Most of the current computer vision tasks focus on the objects in the image. For example, image classification asks models to identify the object classes in the image. Object detection and image segmentation further require the model to identify objects in the image and find their locations (with different granularities). However, the information of relations are, by far, ignored by the community. Therefore, in this assignment, the PSG Classification Challenge, we would like to invite our students to explore how to train a computer vision model to well identify the relations in the images.

elephant

To be more specific, when the model sees the photo above, rather than providing the information of the objects (e.g., person, elephant), it should output 3 salient relations such as feeding, leaning-on, and looking-at. There are 56 classes of relation in total. We notice that the first 6 relations (in gray) are too vague for PSG classification task, so we remove them in this project, so that the label space only contains 50 relations (in orange). In other word, the PSG classification task is a 50-class multi-label classification problem.

relations

Mean Recall (mR) is the main metric to evaluate the performance. It measures the mean of recall vlues of 50 classes in the test dataset.

Dataset

4500 training data, 500 validation data, and 500 test data. All the images and panoptic segmentation are from COCO dataset. Label imbalance is severe in datasets as below. To tackle the imbalance, images with frequent classes were under-sampled and images with infrequent classes were over-sampled.
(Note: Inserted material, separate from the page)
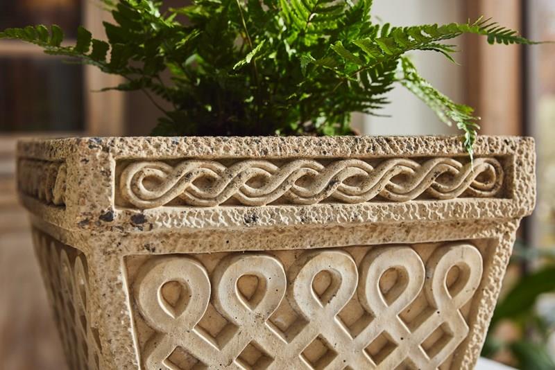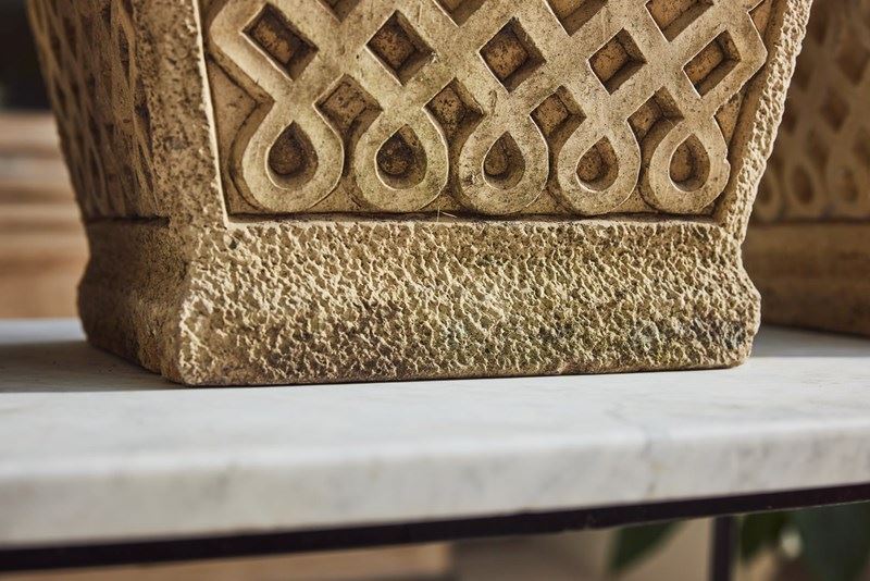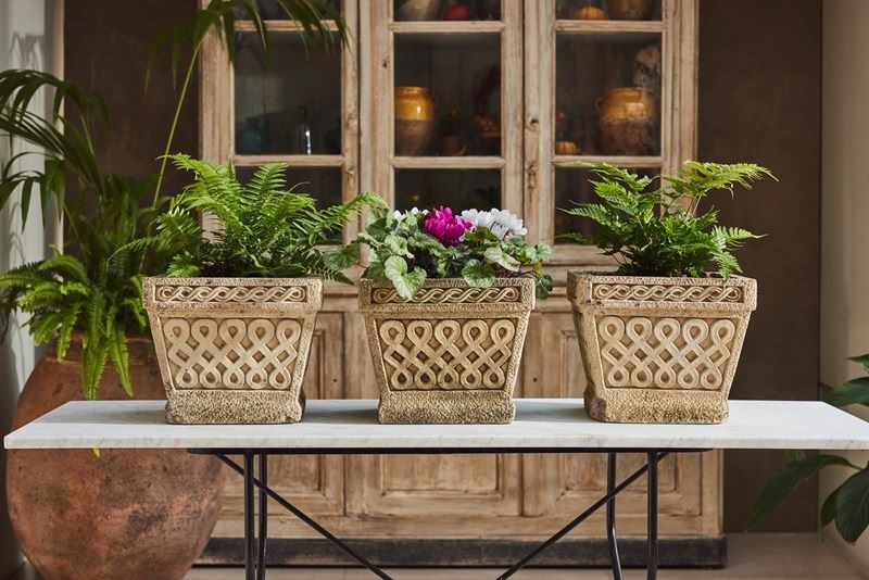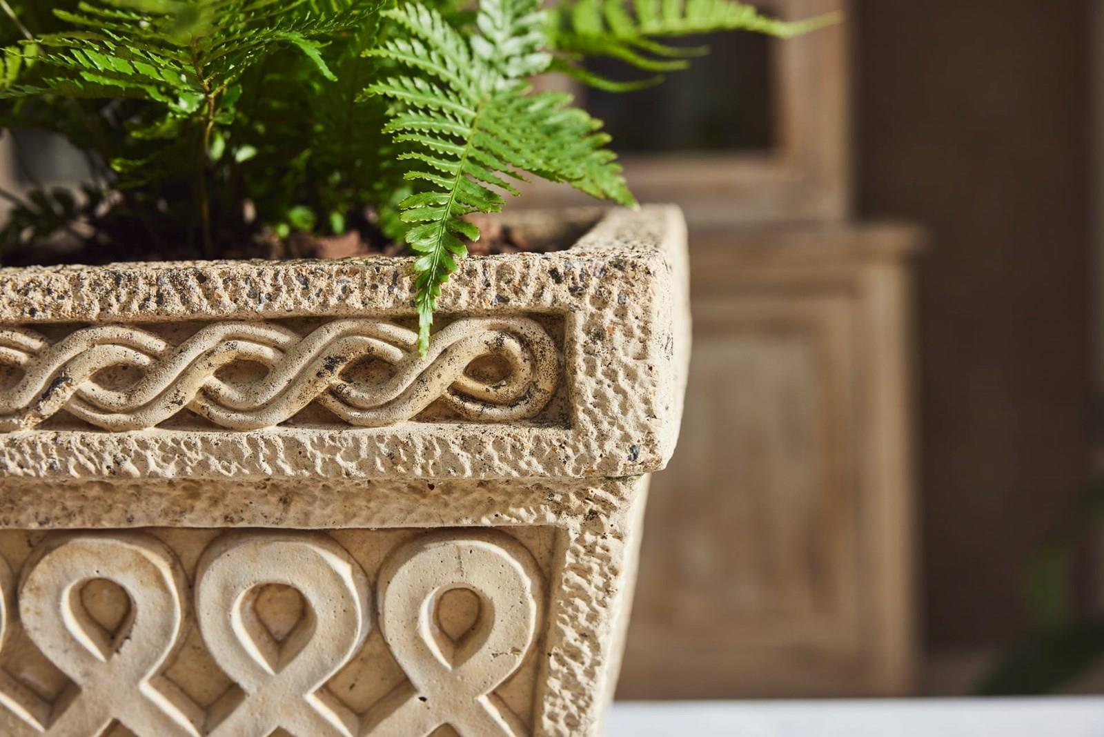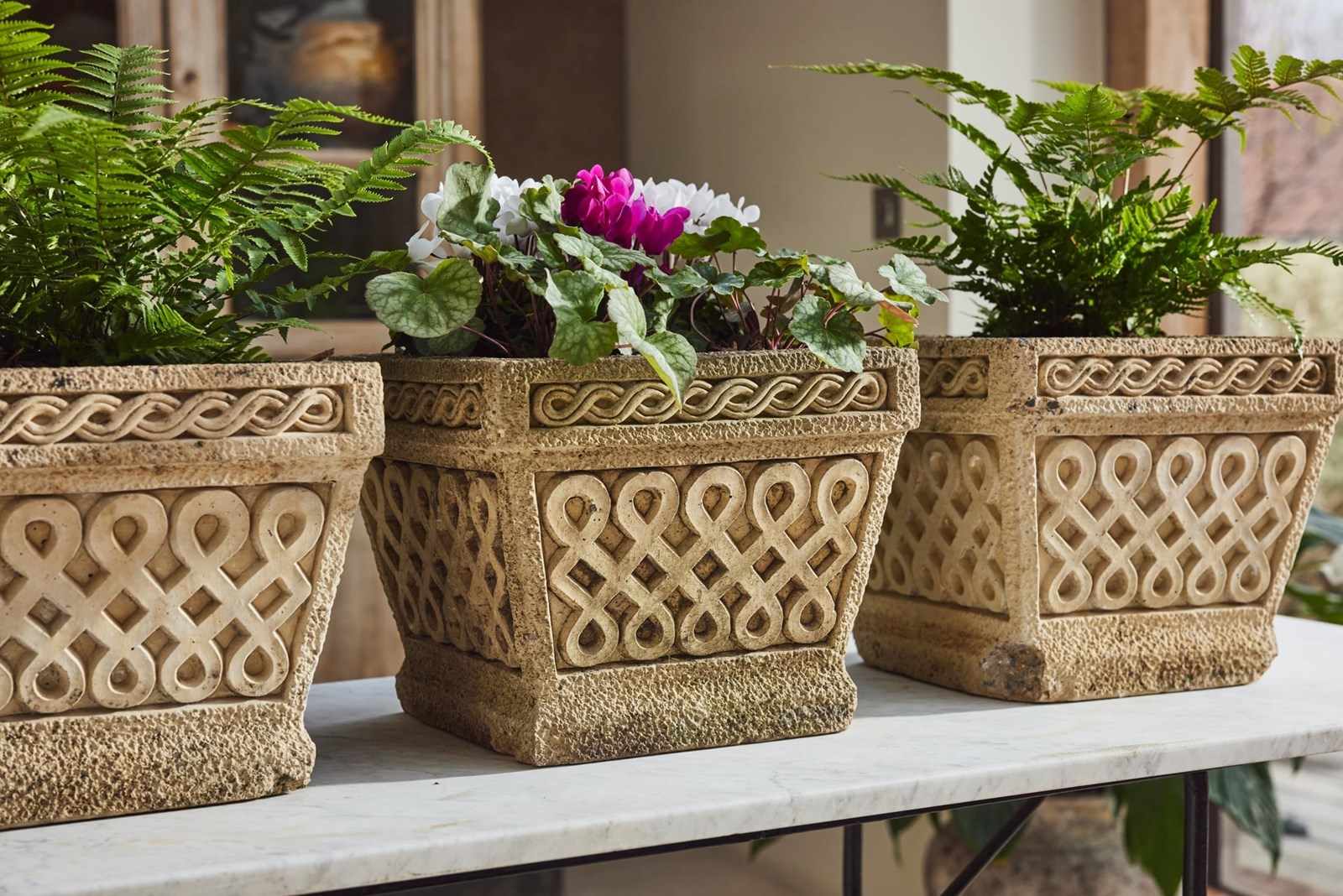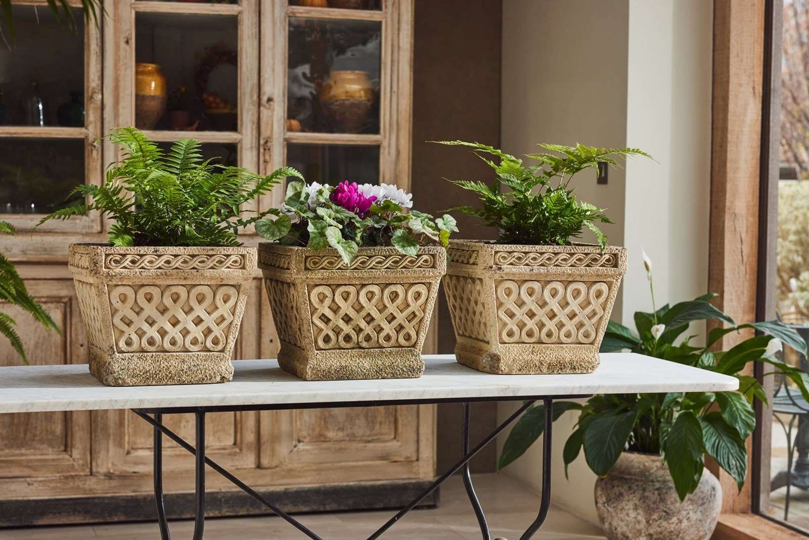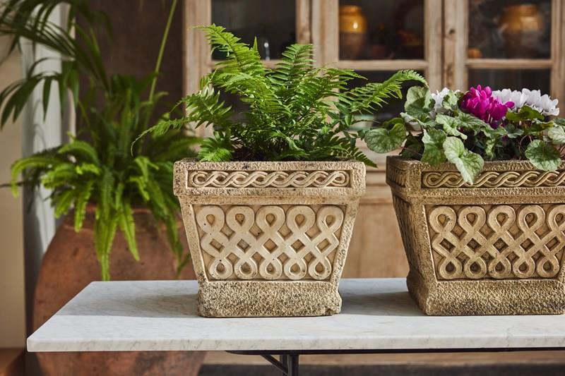 Set of three cast stone planters from Cotswold Studio, 1960s. The patterned surface draws from Arts and Crafts influences, offering simple, well-balanced detailing. Made to resemble natural Cotswold stone, they have developed an appealing, authentic weathered finish.

Label Frequency in Train Set Label Frequency in Val Set

Work Conducted

  • An exploratory data analysis was first conducted to understand the relation class distribution.
  • Three deep learning models have been used in the project: ResNet50, ResNet101, and Swin Transformer.
  • The optimization and regularization techniques were applied for each model to improve the mean recall performance. The most effective measures included image augmentation, data whitening, learning rate adjustment, increasing binary cross-entropy loss weight for infrequent classes, and multiplying infrequent class prediction probabilities (i.e., reducing probability threshold).
  • The model was re-trained in the union of training and validation datasets before being submitted to the testing dataset.
  • Multi-task learning was implemented to leverage the semantic segmentation task to improve classification performance.
  • Zero-shot models were also proposed and explored to utilize the knowledge encapsulated in CLIP and Detectron2. Prompt engineering was performed for the relation classification. While the validation mR is 34.2%, the test mR drops to 28.7%.
  • My optimized model is based on Swin Transformer at a test mean recall of 32.4%.